**RECORDS**.
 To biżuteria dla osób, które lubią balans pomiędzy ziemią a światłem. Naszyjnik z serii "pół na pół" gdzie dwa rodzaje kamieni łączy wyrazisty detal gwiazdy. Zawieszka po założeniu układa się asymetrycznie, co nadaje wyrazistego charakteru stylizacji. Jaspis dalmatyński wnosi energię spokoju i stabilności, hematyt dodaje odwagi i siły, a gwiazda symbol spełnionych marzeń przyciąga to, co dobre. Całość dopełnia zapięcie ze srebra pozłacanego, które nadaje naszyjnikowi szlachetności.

...

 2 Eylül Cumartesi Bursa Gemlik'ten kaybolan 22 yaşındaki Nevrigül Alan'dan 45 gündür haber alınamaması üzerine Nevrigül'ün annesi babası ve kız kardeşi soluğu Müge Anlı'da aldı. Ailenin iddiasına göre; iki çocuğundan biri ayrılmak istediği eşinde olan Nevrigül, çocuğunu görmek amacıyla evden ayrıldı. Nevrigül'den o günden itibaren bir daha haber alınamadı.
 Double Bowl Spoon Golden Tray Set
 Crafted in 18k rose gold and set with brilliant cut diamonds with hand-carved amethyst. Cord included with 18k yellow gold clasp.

**EXERCISE INSTRUCTIONS**.
Starting at the line above that contains "Double Bowl Spoon Golden Tray Set", write out each line exactly until the line that contains "Crafted in 18k" has been written, and stop there.

**SOLUTION TO THE EXERCISE**.
 Double Bowl Spoon Golden Tray Set
 Crafted in 18k rose gold and set with brilliant cut diamonds with hand-carved amethyst. Cord included with 18k yellow gold clasp.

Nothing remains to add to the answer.